This interesting volume is part of the World Anthropology collection which resulted from the IXth International Congress of Anthropological and Ethnological Sciences, held in Chicago in 1973. Fifteen papers submitted at large to the congress were grouped together by editor Elias Sevilla-Casas, into a single symposium honoring the 500th anniversary of the birth of Fray Bartolomé de Las Casas, the renowned scholar and “defender of the Indians.” Since the papers were not solicited, they follow no fixed format or specific themes. Rather, they are united by their general concern for a committed social science in which the social and political responsibility of the anthropologists to the Indian and peasant societies which they study is paramount.

After an introductory essay in which the editor asks his contributors and readership to emulate Las Casas in his intellectual commitment to participation and action, the volume divides into three sections. The first, on “General Theoretical Considerations,” describes the ideological and political positions of Las Casas (Sevilla-Casas), ethnocentrism in programs of cultural modification (Bodley), and the effects of forced cultural change, dominance, and environmental deterioration on native populations (Binder). A second section on “The Colonial Past in Spanish America” describes racial and caste segregation as represented in urban plans (Markman), baroque forms of rituals (Kelsey), indigenous tribute systems (Jácome and Llumiquinga), and the failure of Dutch colonial policies in the West Indies (Pope). The third and largest section, on “The Latin American Present,” includes articles on the effects of government land tenure policies and the territorial expansion of contemporary capitalist systems on the Araucanian Indians of Chile (Berdichewsky), the Canelos Quechua in Ecuador (Whitten), and the Jívaro of the Ecuadorian and Peruvian montaña (Siverts). Other papers focus on cultural aggression against the Emberá Indians of Colombia (de Friedemann), and on ethnic conflict among the Mazahua (Iwańska) and Chinantec (Barabas) Indians and Mexican Catholics. The book closes with an historical analysis of peasant mobilization and rebellions in Cuba (Huizer), and a rather general “call to arms” on peasant mobilization under systems of dependent capitalism in Latin America (Kowalewski).

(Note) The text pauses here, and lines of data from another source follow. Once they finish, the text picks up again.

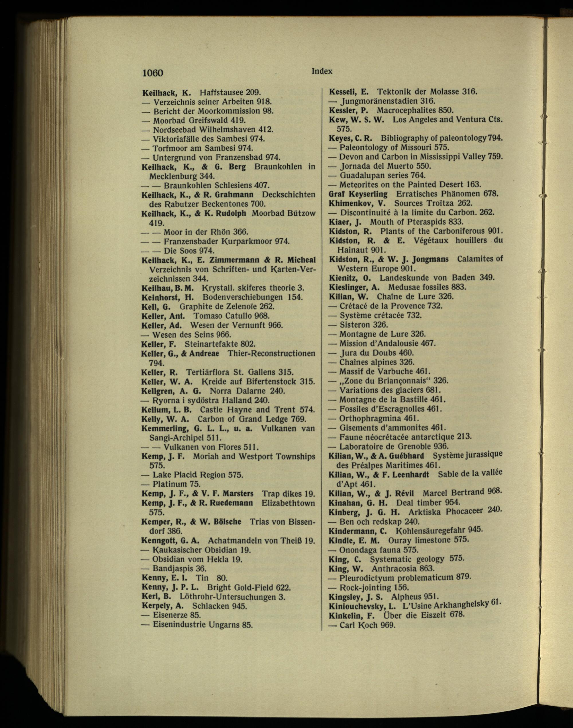 Keilhau, B. M. Krystall. skiferes theorie 3. Keinhorst, H. Bodenverschiebungen 154. Kell, G. Graphite de Zelenoie 262.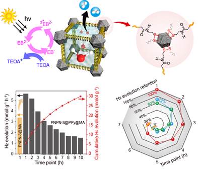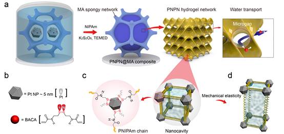 为实现上述目标,研究团队协同纳米复合交联、金属配位作用和原位聚合技术,合成了富含纳米腔结构、具有优异力学和高效自愈合性能的铂纳米颗粒/聚(N-异丙基丙烯酰胺)水凝胶体系。纳米腔的限域效应带来了高质子迁移速率和低水分子蒸发焓,具有微孔结构的非溶胀密胺海绵的引入,构建了第二重限域网络结构,抑制了凝胶在光催化过程中的溶胀,实现了其稳定的光催化产氢性能(3.27 mmol h-1g-1, TOF 4568 H2h-1)。通过在聚合物网络中原位生长导电高分子提高载流子迁移率,可进一步提高该催化体系的催化活性(5.60 mmol h-1g-1, TOF 7819 H2h-1)。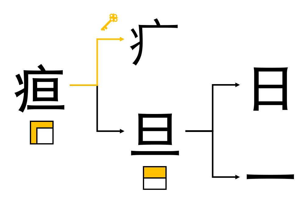 Aucun piège : tracez simplement la clef de la maladie selon l'ordre que nous avons découvert lors du dernier chapitre, puis l'aube 旦 à l'intérieur.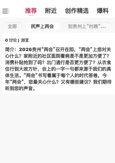 贵州省2026年两会将于1月26日,也就是下周一正式开幕。在日常生活中,您最关心和关注哪些议题呢?《百姓关注》APP特别上线了“民声上两会”专题,邀请您一同分享身边的大小事,说出您心底最真实的期盼。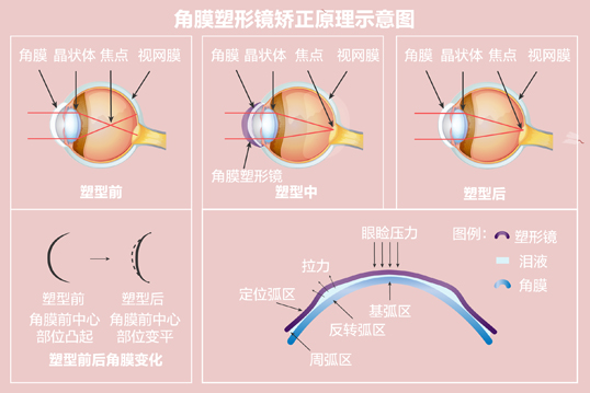 通过机械性压迫,镜片移动的按摩,以及眼泪的液压等物理作用,达到压平角膜中央的形状,暂时减低近视度数的作用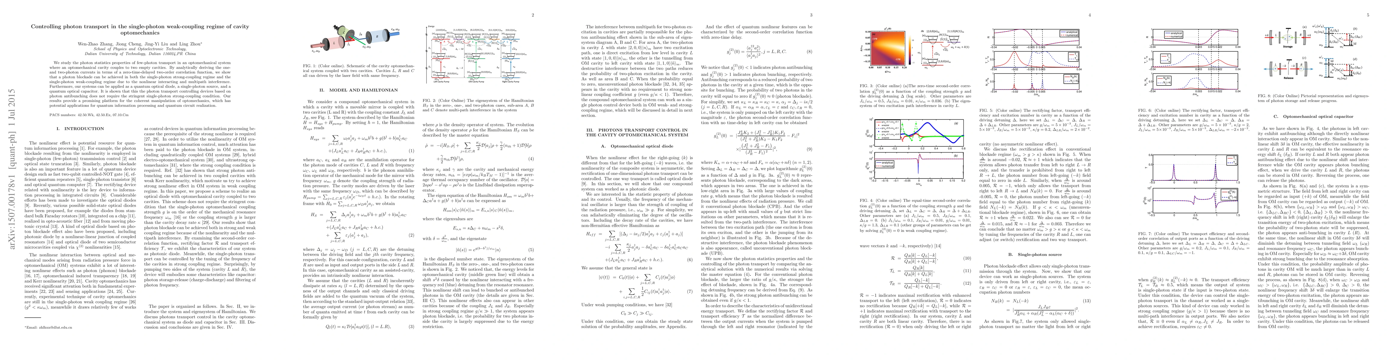 This paper investigates photon transport in an optomechanical system with weak coupling, demonstrating photon blockade via nonlinear interactions and multipath interference. The proposed system functions as a quantum optical diode, single-photon source, and capacitor, offering a platform for quantum information processing without requiring strong coupling conditions.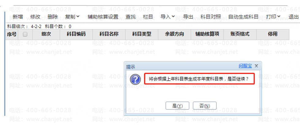 (3)弹出对话框提示:【将会根据上年科目表生成本年度科目表,是否继续?】,点【是】即可, 如下图所示: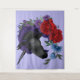 Ein Schwarzes Einhorn mit roten, lila und blauen Blume in einer lila Umgebung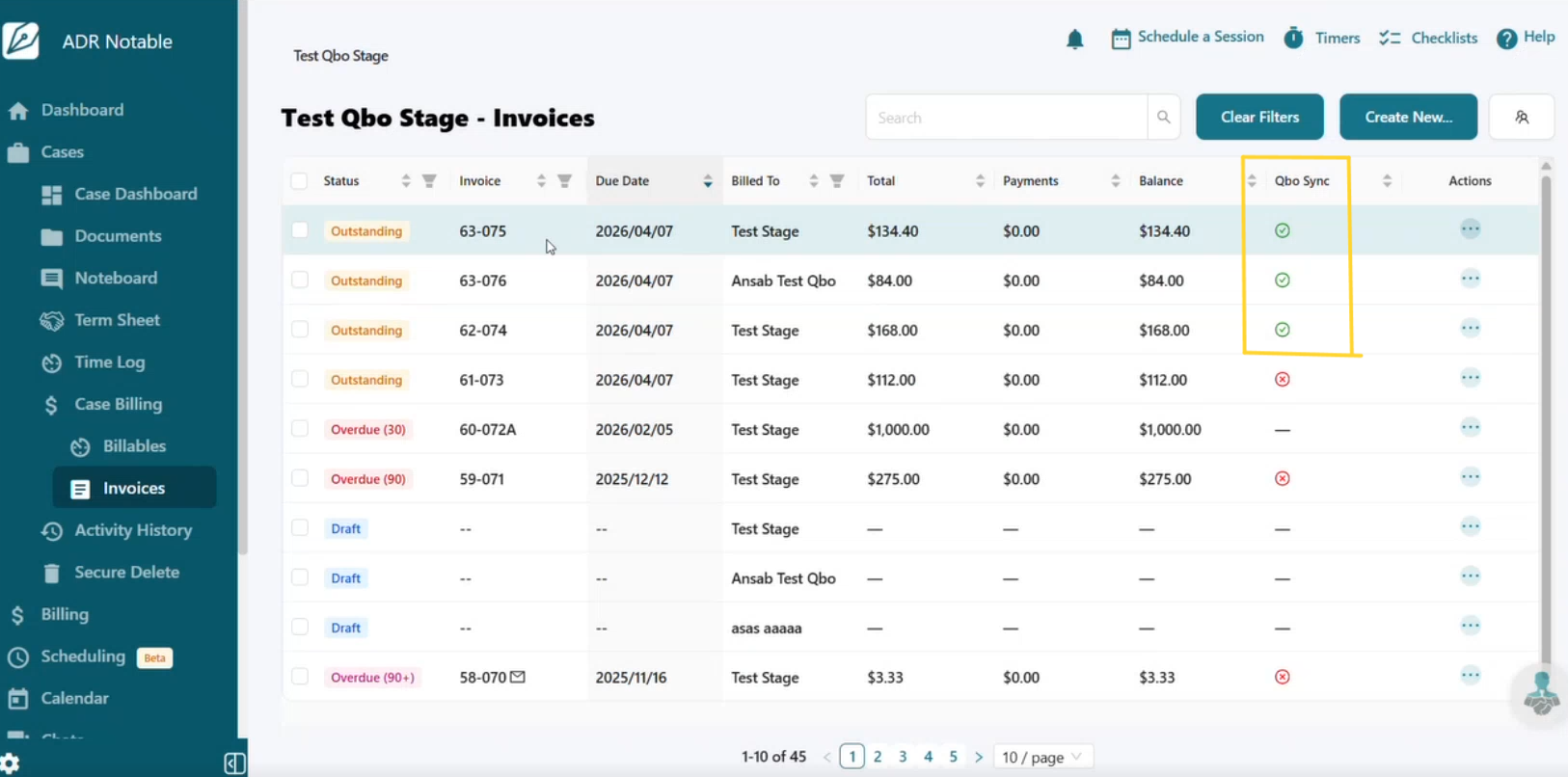 On the Invoices page, you can verify the entry(s) are syncing to QBO: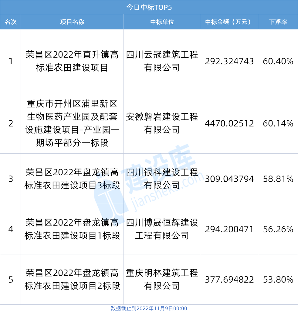 小tips:本文数据由建设库友情提供,数据源于重庆各大公共资源交易中心官方网站,信息真实可靠。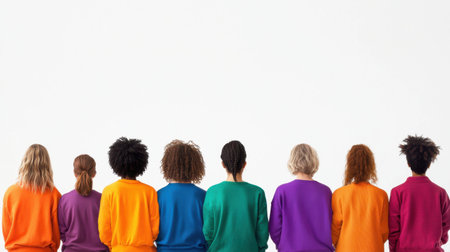 Eight individuals stand side by side, showcasing a variety of vibrant sweaters in different colors. They face away from the viewer, creating a striking visual of unity and diversity.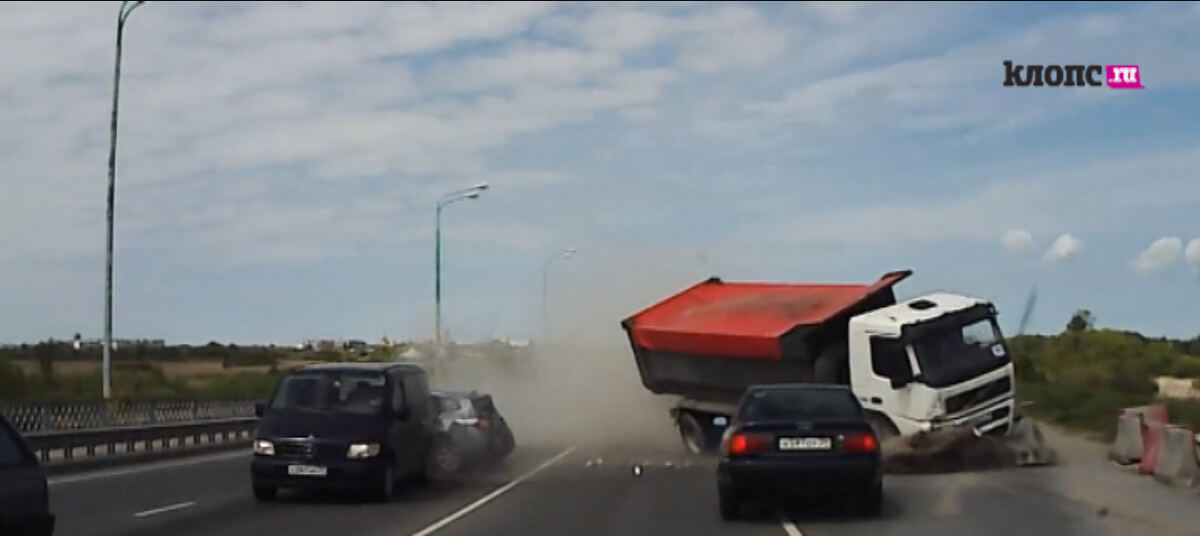Причиной крупной дорожной аварии на Берлинском мосту, которая произошла 16 мая в Калининграде, стало лопнувшее колесо у большегруза "Вольво".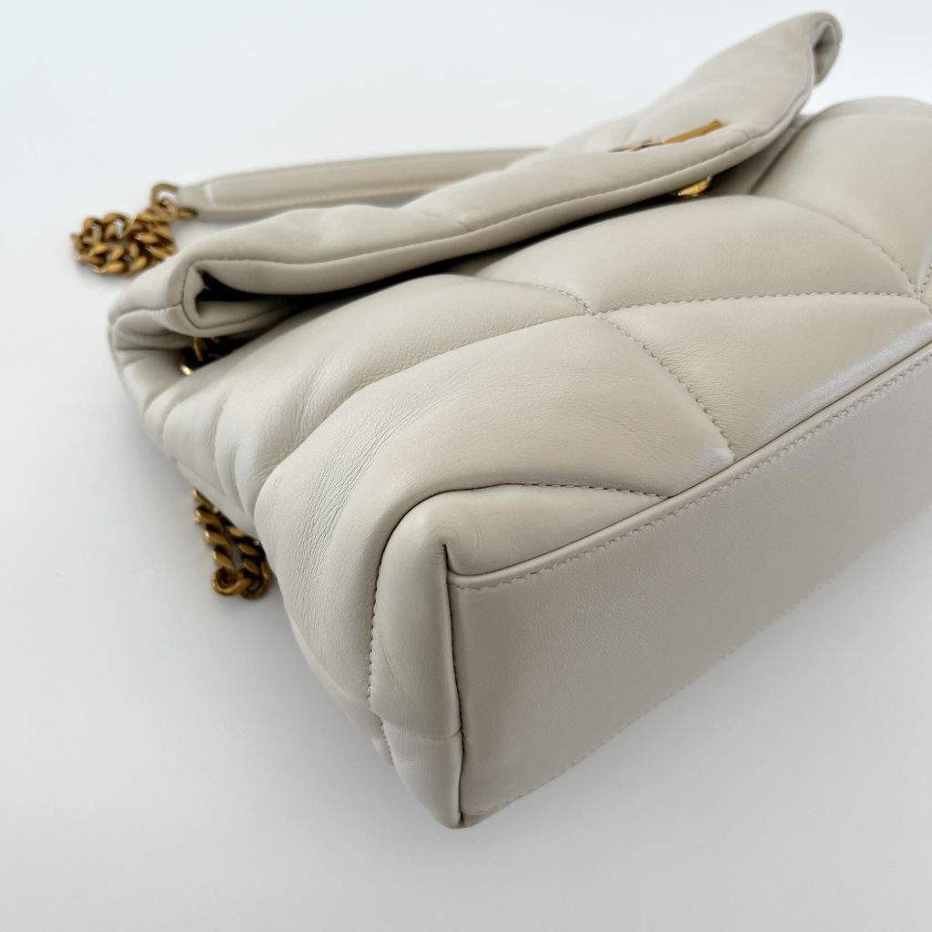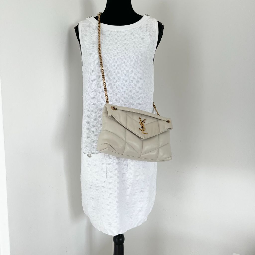 Saint Laurent LouLou white puffer quilted lambskin leather bag with gold hardware, with metal YSL initial on the front, crossbody strap that can be doubled and worn on the shoulder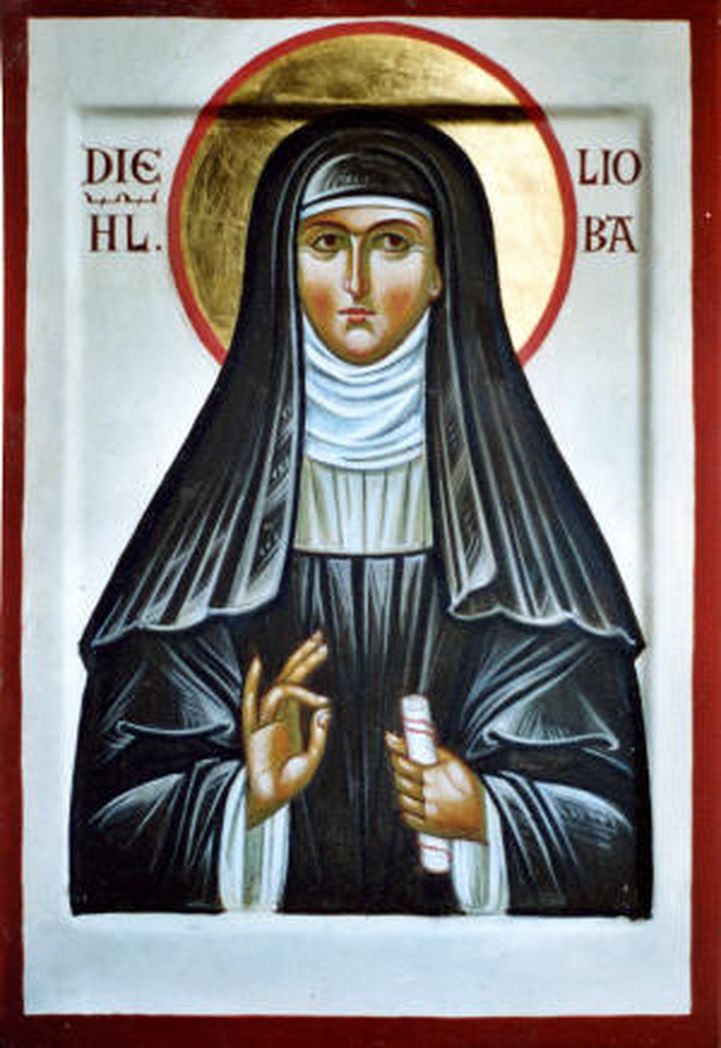 преподобную Лиобу / Лиобгиту (Lioba, Liobgytha; † ок. 781; память: 28 сентября / 11 октября), написанное в IX веке житие которой сохранилось; будучи родственницей и любимой ученицей священномученика Вонифатия, с 30-ю другими монахинями она переселилась в немецкие земли, где стала игуменьей Таубербишофсхаймской (Tauberbischofsheim) и руководила прочими монастырями, где обучались миссионеры; все почитали Лиобу за ее любовь, мудрость и другие исключительные качества, а ее деятельность сыграла значительную роль в христианизации Германии; к ней за советом обращались как церковные, так и государственные деятели; перед смертью святая удалилась в Шорнсхайм (Schornsheim); ее основные мощи находятся в Фульде;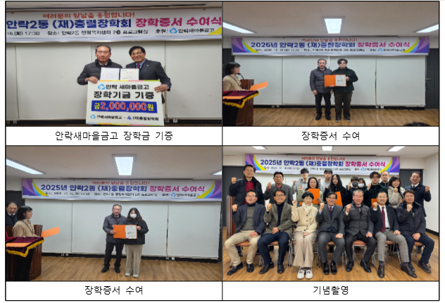 - 안락새마을금고(이사장 백남도) 장학기금 200만원 기증

This work provides a useful and important focus on the horrendous effects of unmitigated expansion onto Indian lands with the subsequent disruption of Indian cultures and societies. It is on less solid ground when it talks of emerging class consciousness and radical mobilization—rightfully decrying the effects of “savage capitalism,” but failing to adequately place its discussions of peasant and Indian mobilization within the limiting context of contemporary authoritarian states in Latin America. The lack of any discussion of the indigenous, peasant and squatter situations in Brazil is a serious lack in this regard. More importantly, perhaps, by not examining the diverse forms of alternate peasant and Indian organization which are currently gathering force in Latin America, the volume fails to respond to Sevilla-Casas’ eloquent call for disadvantaged Indian and mestizo populations throughout the continent.